### [What you have to do]
Only the lines from the beginning of the data through the one with "New chrome warning" belong in the answer, each retyped exactly, with pictures left out.

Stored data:
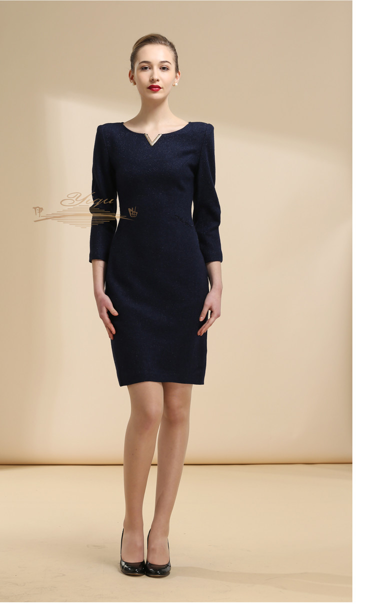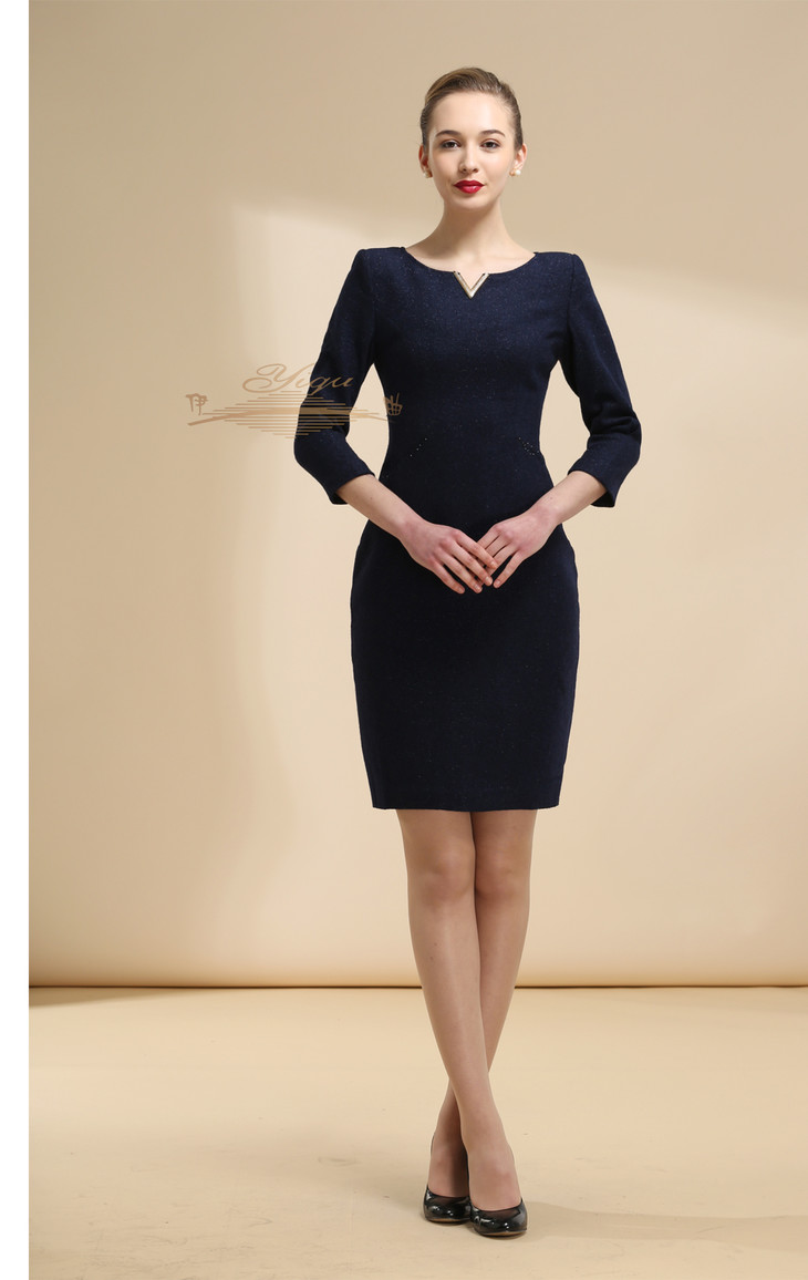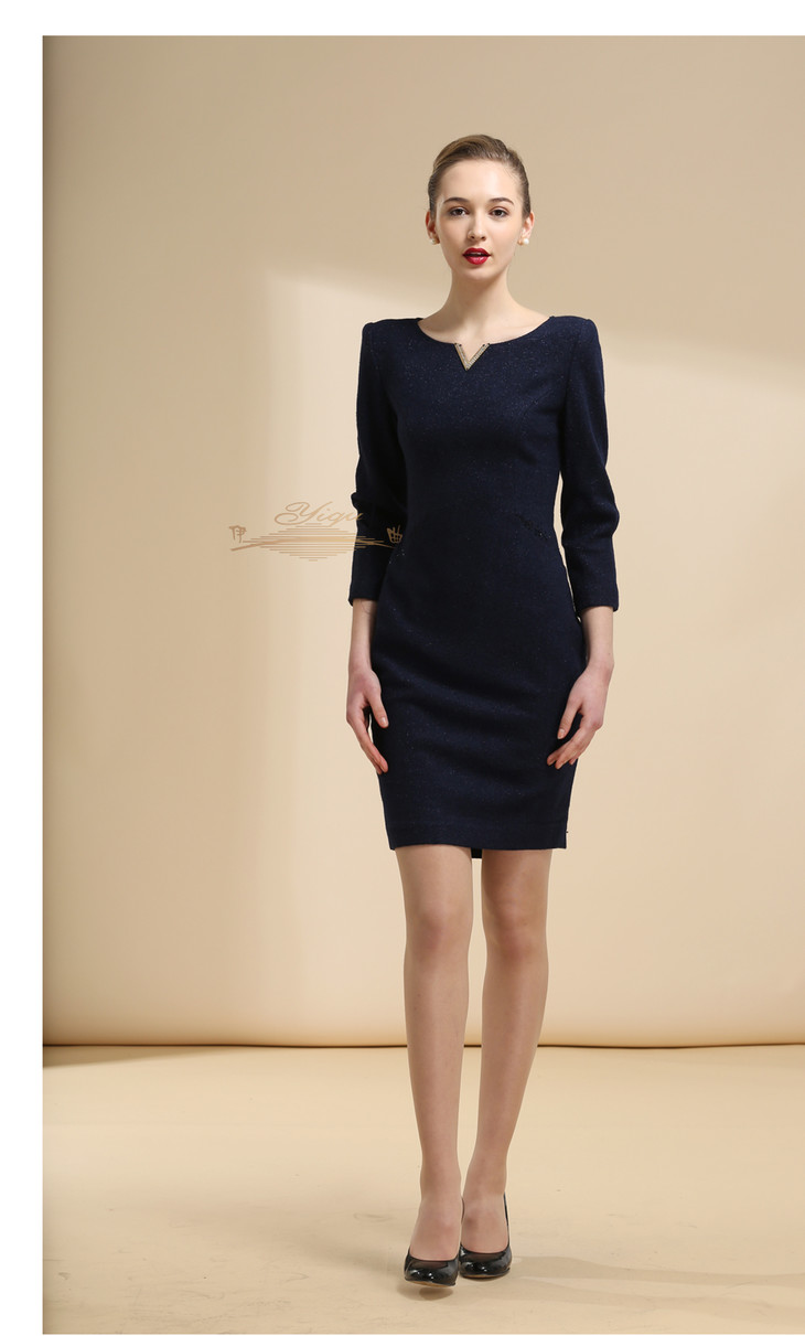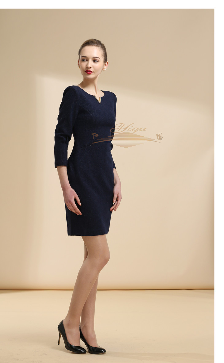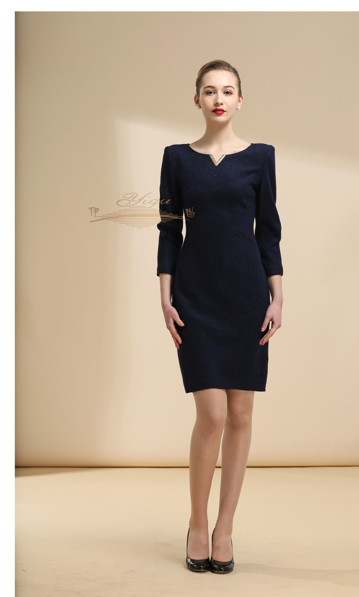 【特惠】YIQU |“V绽放”连身裙(深兰·含30%羊毛)PT
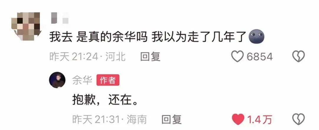 比如有网友留言道:“是真的余华吗?我以为走了几年了。”余华回复道:“抱歉,还在。”
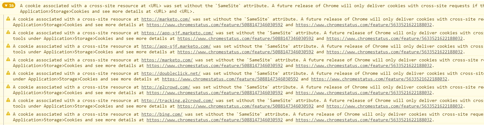 New chrome warning about Marketo cookie SameSite and Secure attributes
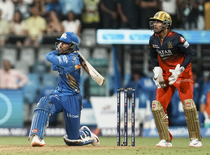 Mumbai: Mumbai Indians’ Tilak Varma plays a shot during an Indian Premier League (IPL) 2025 cricket match between Mumbai Indians and Royal Challengers Bengaluru, at the Wankhede Stadium in Mumbai, Monday, April 7, 2025. (PTI Photo/Kunal Patil)(PTI04_07_2025_000435B)
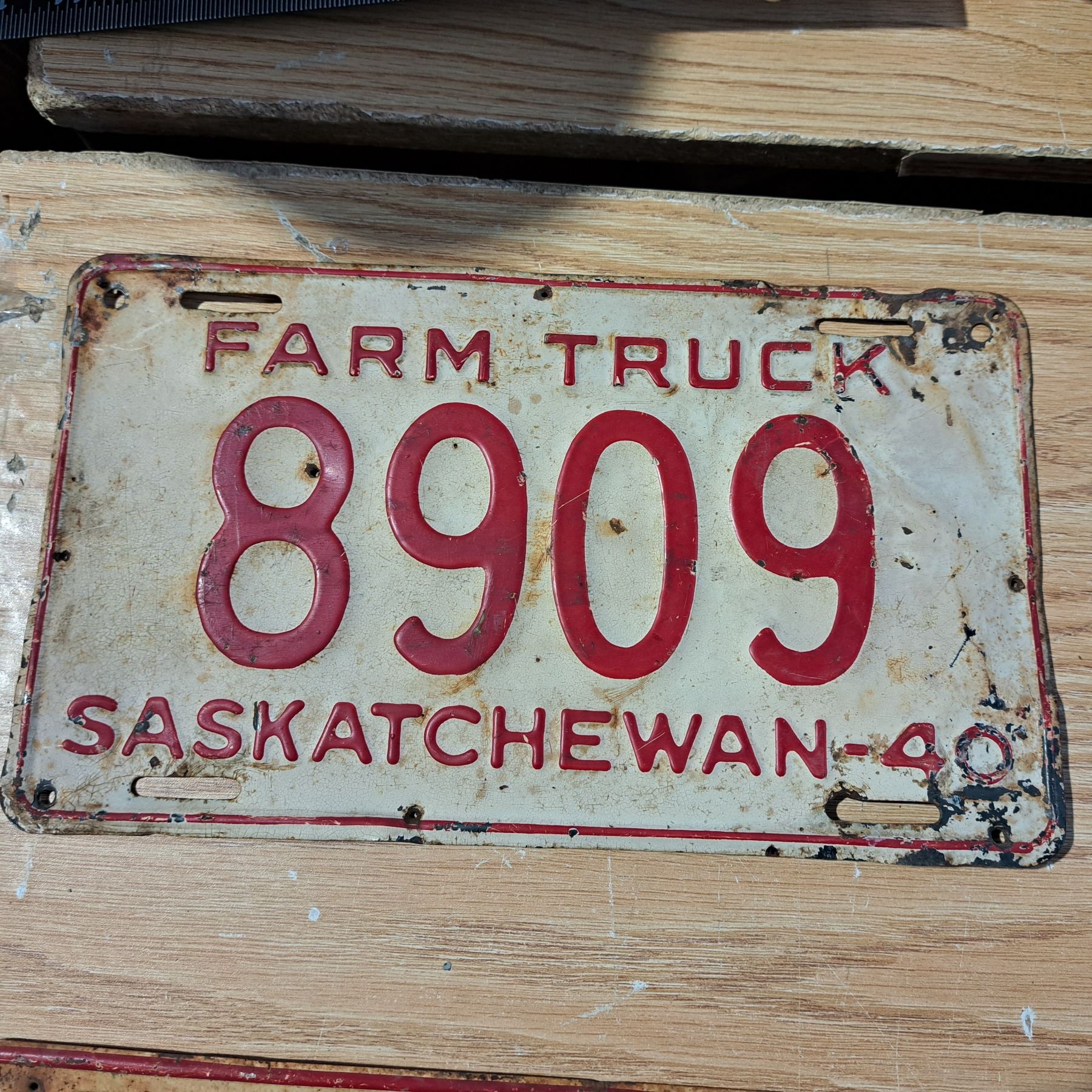 licence plate Sask 4 digit farm truck
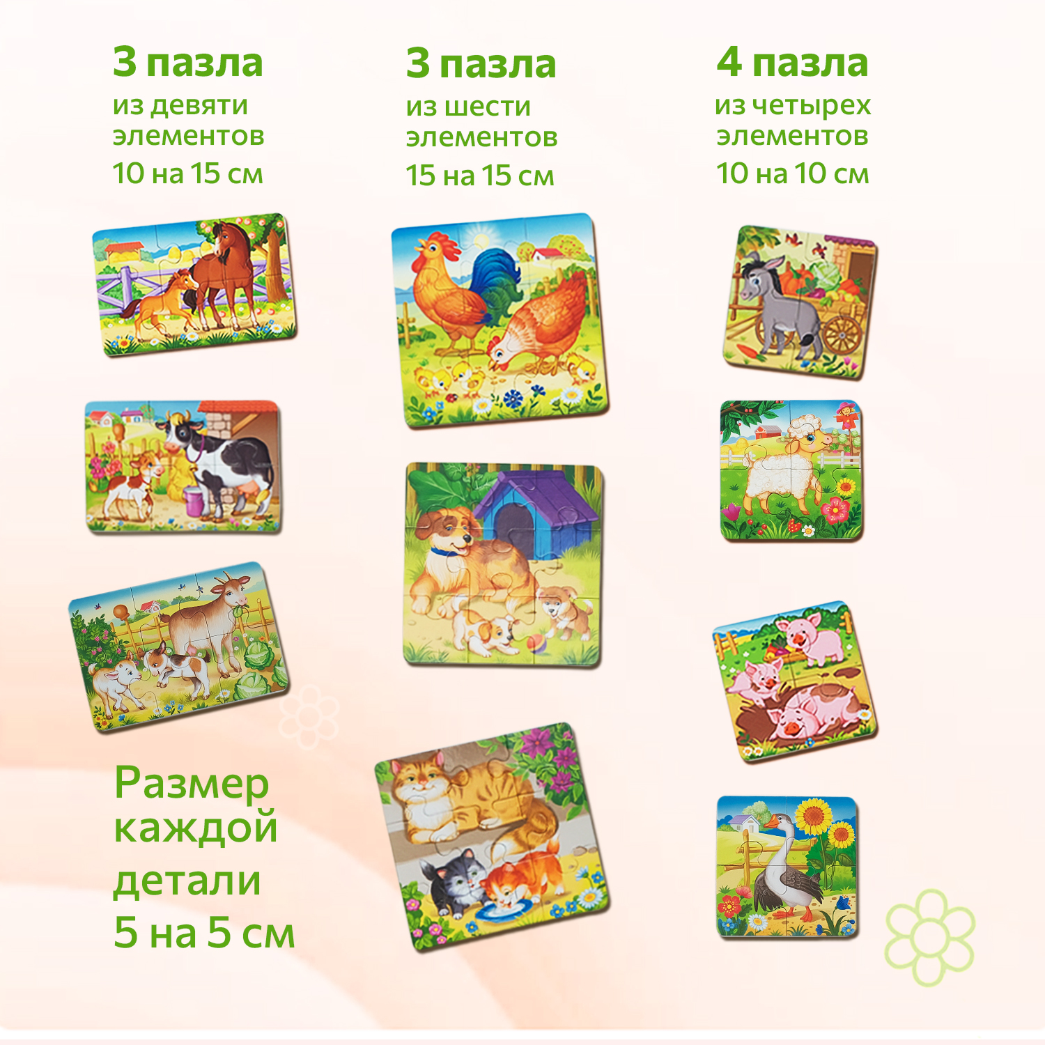 Картонные макси пазлы для малышей На ферме В наборе пазлов 10 бэйби пазлов с изображением домашних животных: 4 пазла 10 на 10 см - 4 элемента, 3 пазла 15 на 10 см - 6 элементов, 3 пазла 15 на 15 см - 9 элементов. Крупные пазлы для детей от года большие, с крупными замочками. Развивающая игра сделана из плотного картона. Большие пазлы для детей 3 лет подходят для мальчиков и девочек. Детские пазлы крупные необходимы для развития памяти и внимания. Составляя между собой логические пазлы большие, ребенок учится соотносить размер животного и различать больших и маленьких животных. Развивающая игра также тренирует мелкую моторику и способствует расширению словарного запаса. Развивающая игрушка выполнена из пазлов для детей и коробки для хранения. Крупные пазлы для самых маленьких идеально подойдут для подарка, такая развивашка порадует кроху.
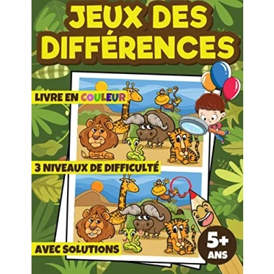 Jeux des différences 5 ans +: Cherche les differences pour enfants de 5, 6, 7 et plus ! Livre entièrement en couleur (Format Géant), Cahier ... énigme défis sur animaux autre

### [Finished task]
 【特惠】YIQU |“V绽放”连身裙(深兰·含30%羊毛)PT
 比如有网友留言道:“是真的余华吗?我以为走了几年了。”余华回复道:“抱歉,还在。”
 New chrome warning about Marketo cookie SameSite and Secure attributes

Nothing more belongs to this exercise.